Stored data:
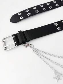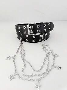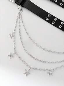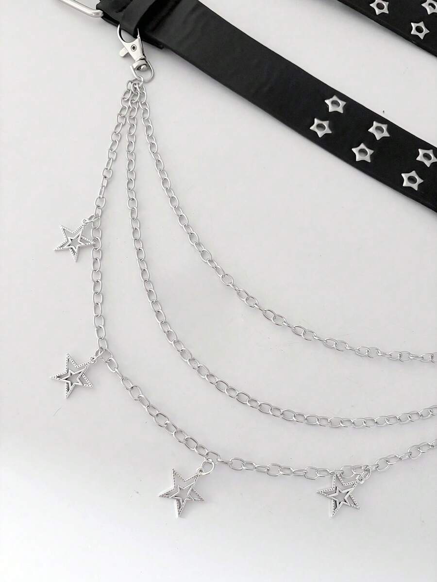 Goth Cinturón negro de doble con ojales y pentagrama para mujer (2 unidades) + cadena de triple capa con pentagrama hueco, ideal para vestidos, vaqueros y uso diario.
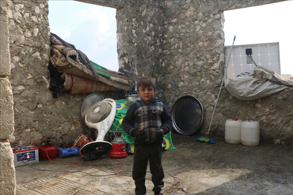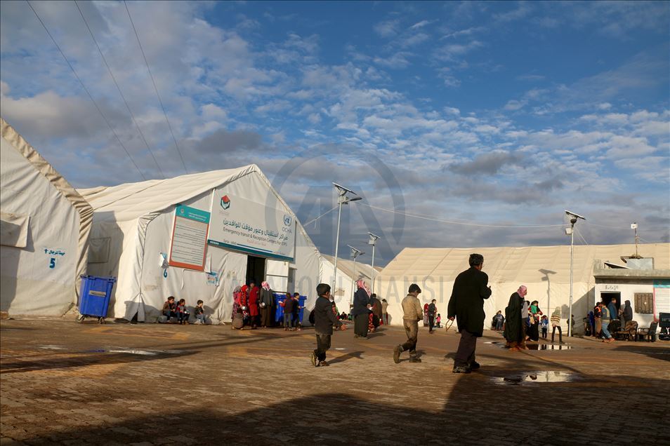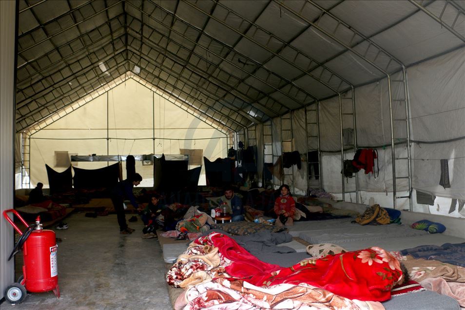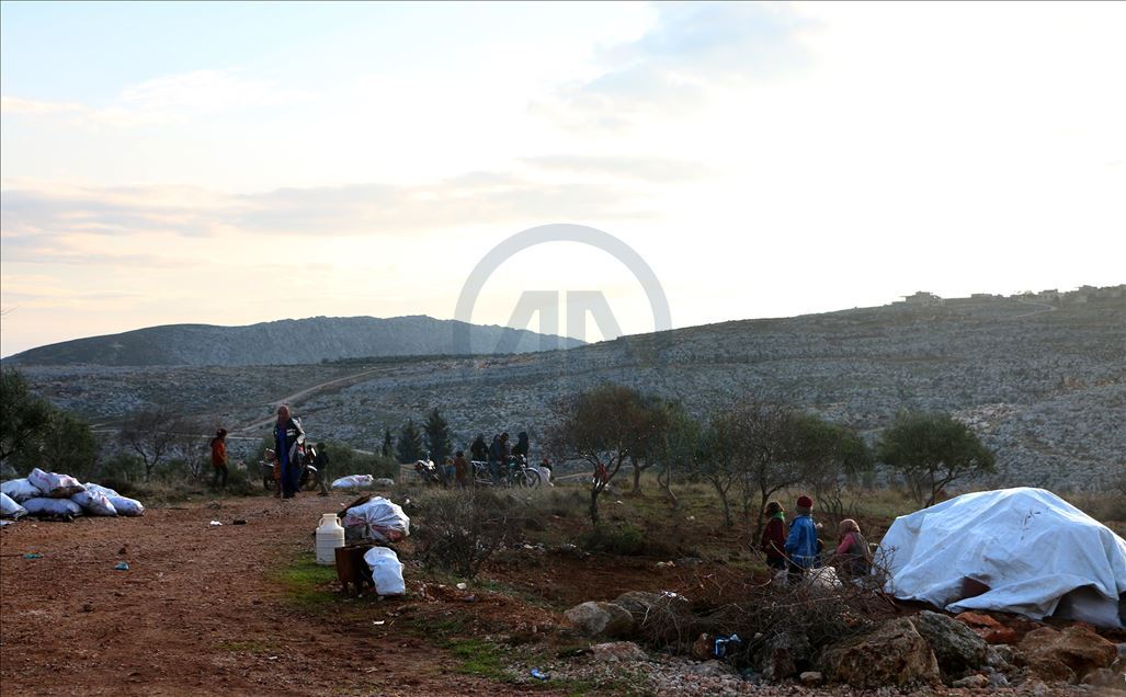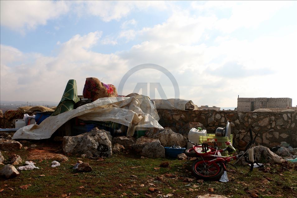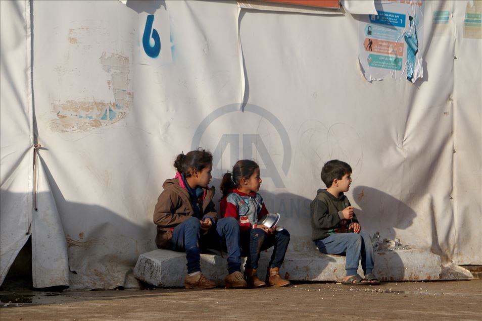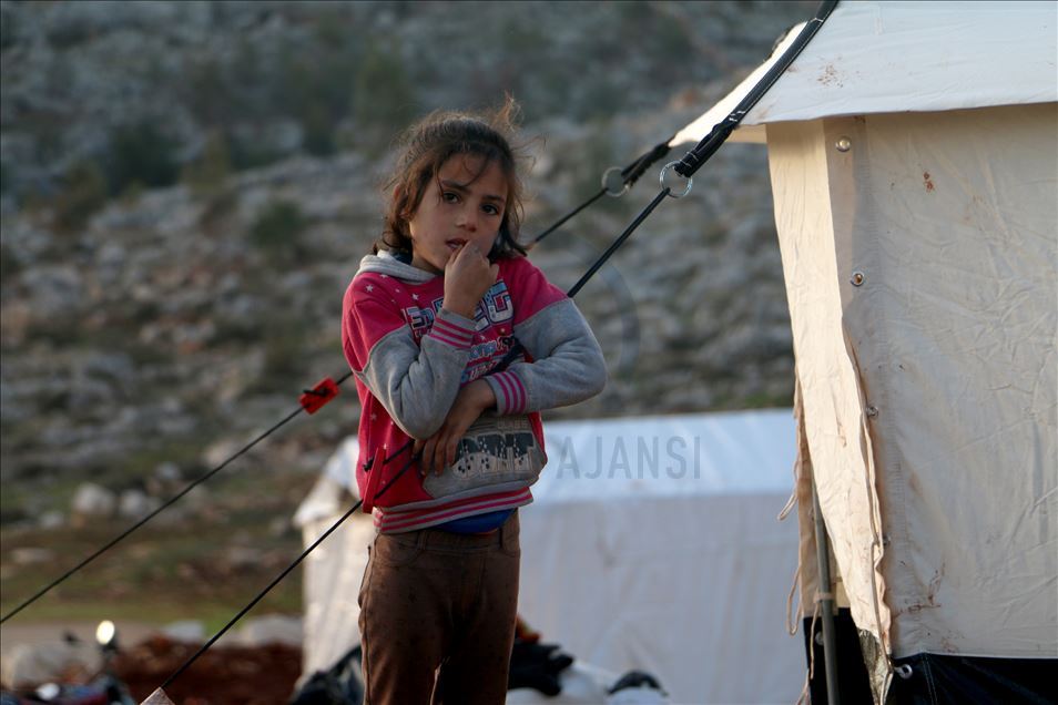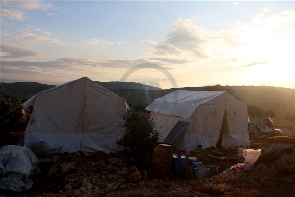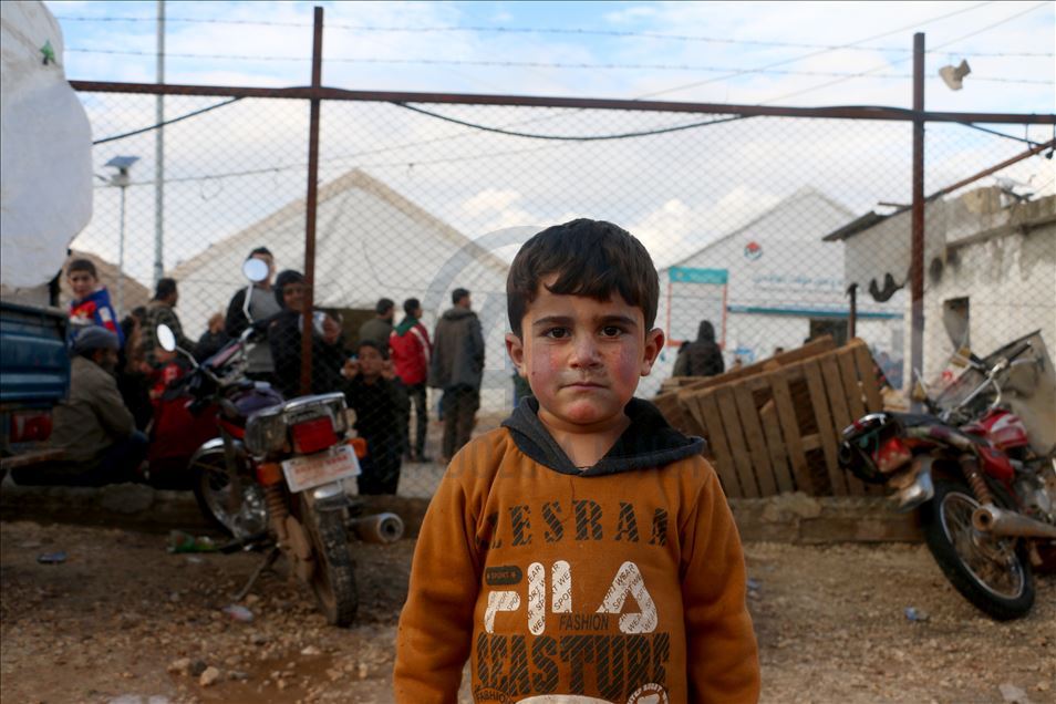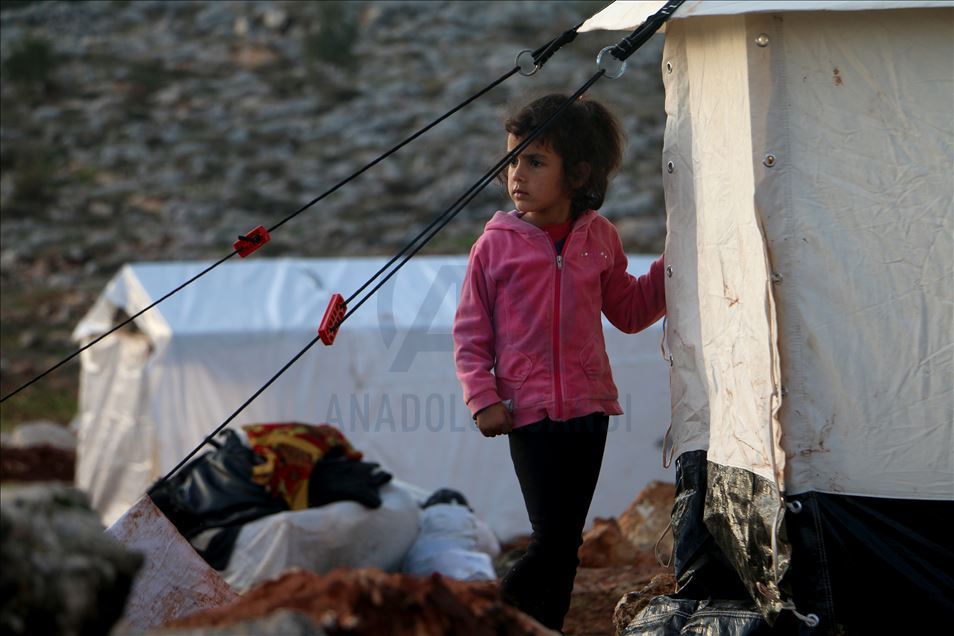 Suriye'de Beşşar Esed rejimi, Rusya ve İran destekli yabancı terörist grupların İdlib'deki yerleşimlere yoğun saldırıları yüzünden bir milyondan fazla sivil, göç ederek evsiz kaldı. Türkiye sınır hattına ulaşan siviller, buradaki sığınmacı kamplarında yer bulmakta güçlük çekerken, geçici barınma merkezleri de dolmuş durumda. Maret El İhvan köyündeki yer alan geçici barınma merkezi ve çevresine barınan siviller, zor şartlarda yaşamlarını sürdürüyor. ( Muhammed Abdullah - Anadolu Ajansı )
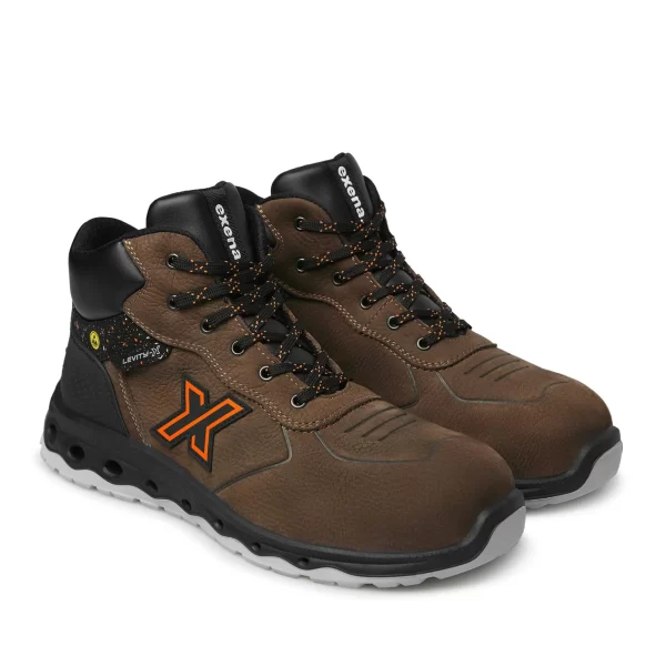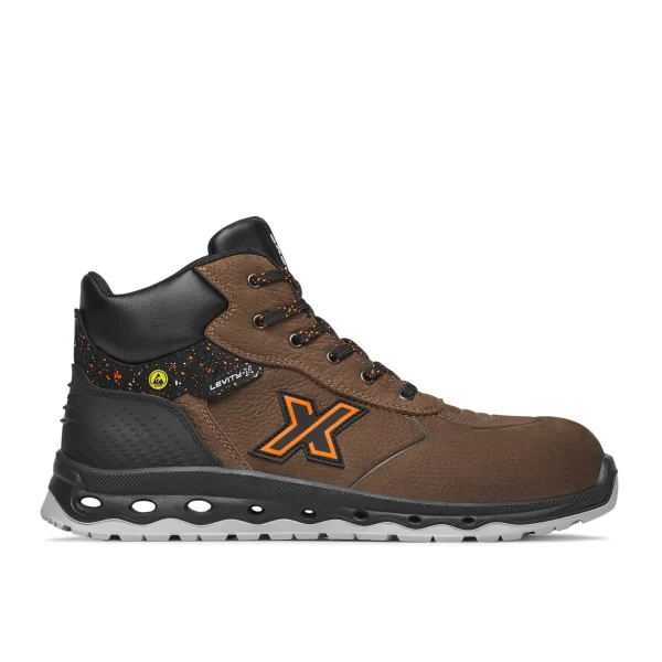 Calzatura alta in morbida pelle fiore marrone, con tecnologia EasyFit per calzata comoda. Puntale in alluminio T-Alu e inserto antiperforazione SafeFlex Conductive non metallico, specifico per articoli dissipativi. Suola in poliuretano in doppia densità 2D Air-Hole
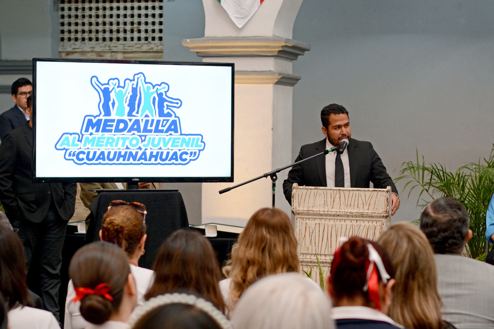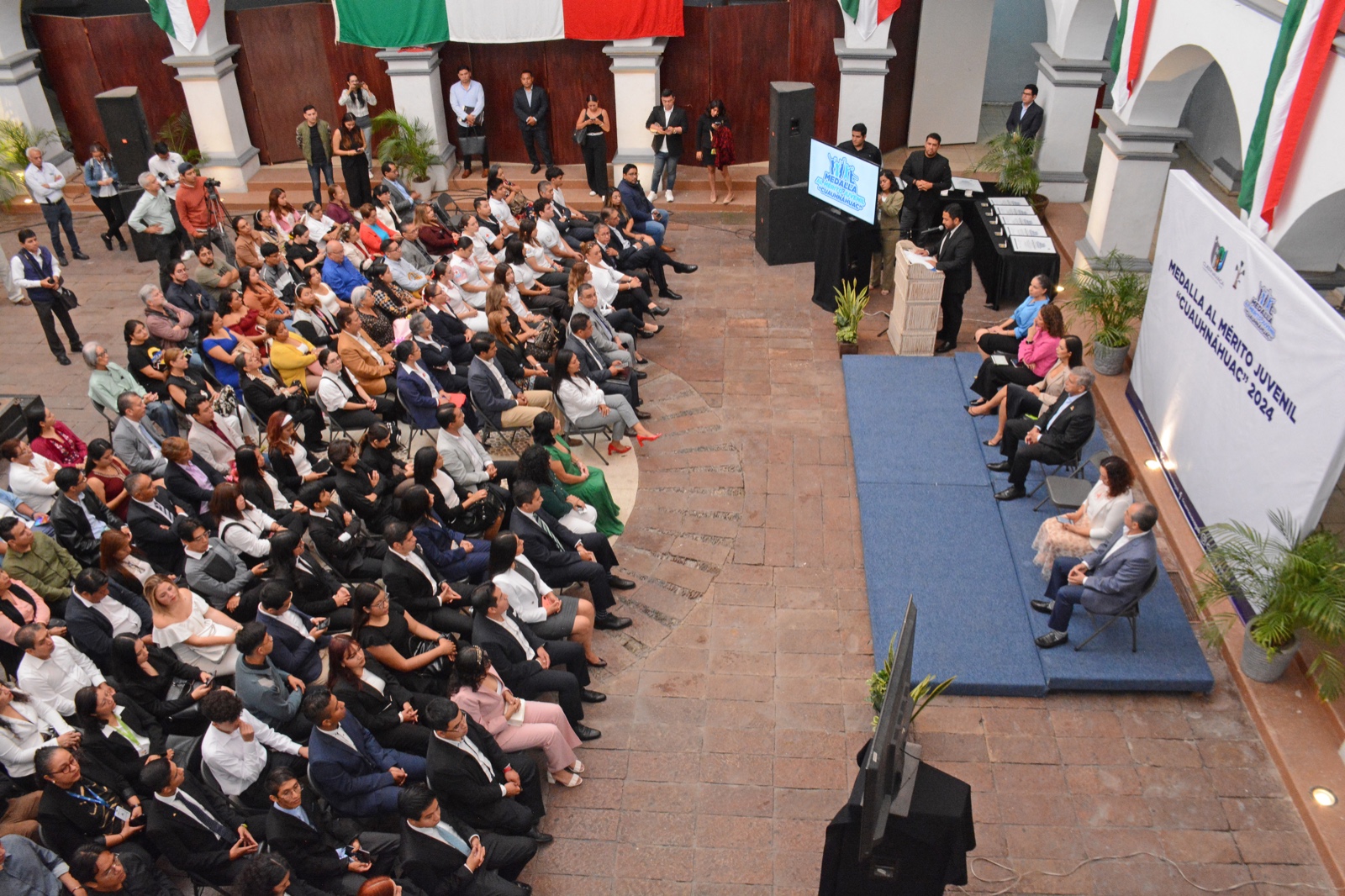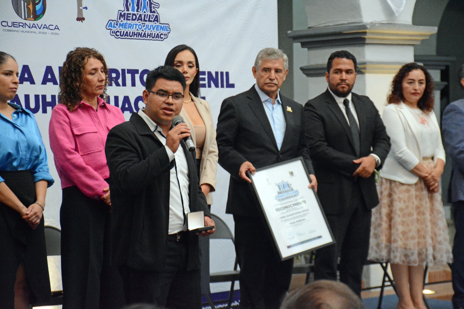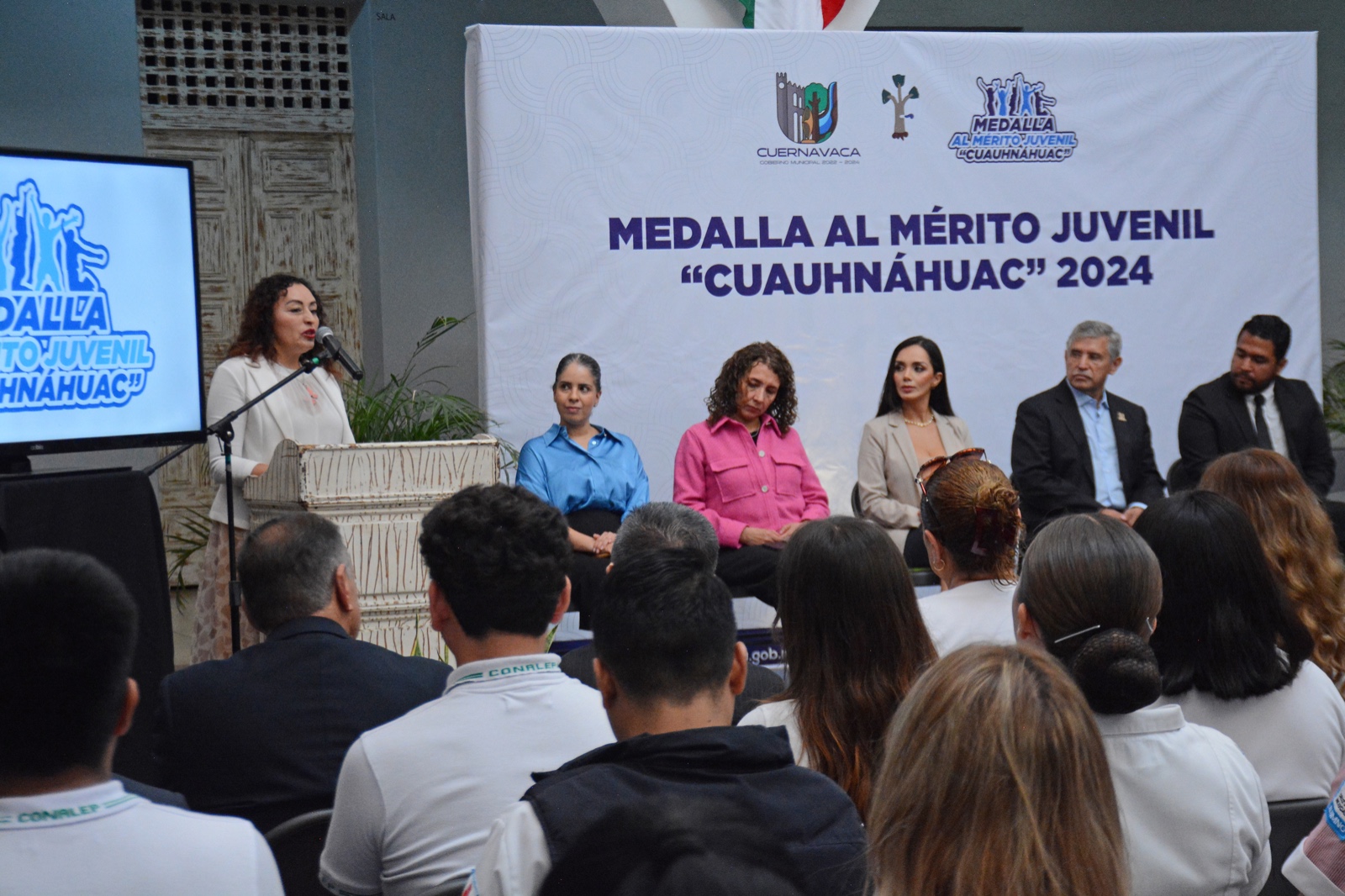 En la entrega de la medalla al Mérito Juvenil “Cuauhnáhuac” estuvieron presentes Karla Lorena Barragán y Dalia Terrones Castillo, quienes felicitaron a las y los jóvenes, representantes de instituciones educativas y de la iniciativa privada, familiares y amigos de las y los premiados.

What the exercise asks: Pictures stay out; everything else in the listing above gets restated word for word.

Answer space:
 Goth Cinturón negro de doble con ojales y pentagrama para mujer (2 unidades) + cadena de triple capa con pentagrama hueco, ideal para vestidos, vaqueros y uso diario.
 Suriye'de Beşşar Esed rejimi, Rusya ve İran destekli yabancı terörist grupların İdlib'deki yerleşimlere yoğun saldırıları yüzünden bir milyondan fazla sivil, göç ederek evsiz kaldı. Türkiye sınır hattına ulaşan siviller, buradaki sığınmacı kamplarında yer bulmakta güçlük çekerken, geçici barınma merkezleri de dolmuş durumda. Maret El İhvan köyündeki yer alan geçici barınma merkezi ve çevresine barınan siviller, zor şartlarda yaşamlarını sürdürüyor. ( Muhammed Abdullah - Anadolu Ajansı )
 Calzatura alta in morbida pelle fiore marrone, con tecnologia EasyFit per calzata comoda. Puntale in alluminio T-Alu e inserto antiperforazione SafeFlex Conductive non metallico, specifico per articoli dissipativi. Suola in poliuretano in doppia densità 2D Air-Hole
 En la entrega de la medalla al Mérito Juvenil “Cuauhnáhuac” estuvieron presentes Karla Lorena Barragán y Dalia Terrones Castillo, quienes felicitaron a las y los jóvenes, representantes de instituciones educativas y de la iniciativa privada, familiares y amigos de las y los premiados.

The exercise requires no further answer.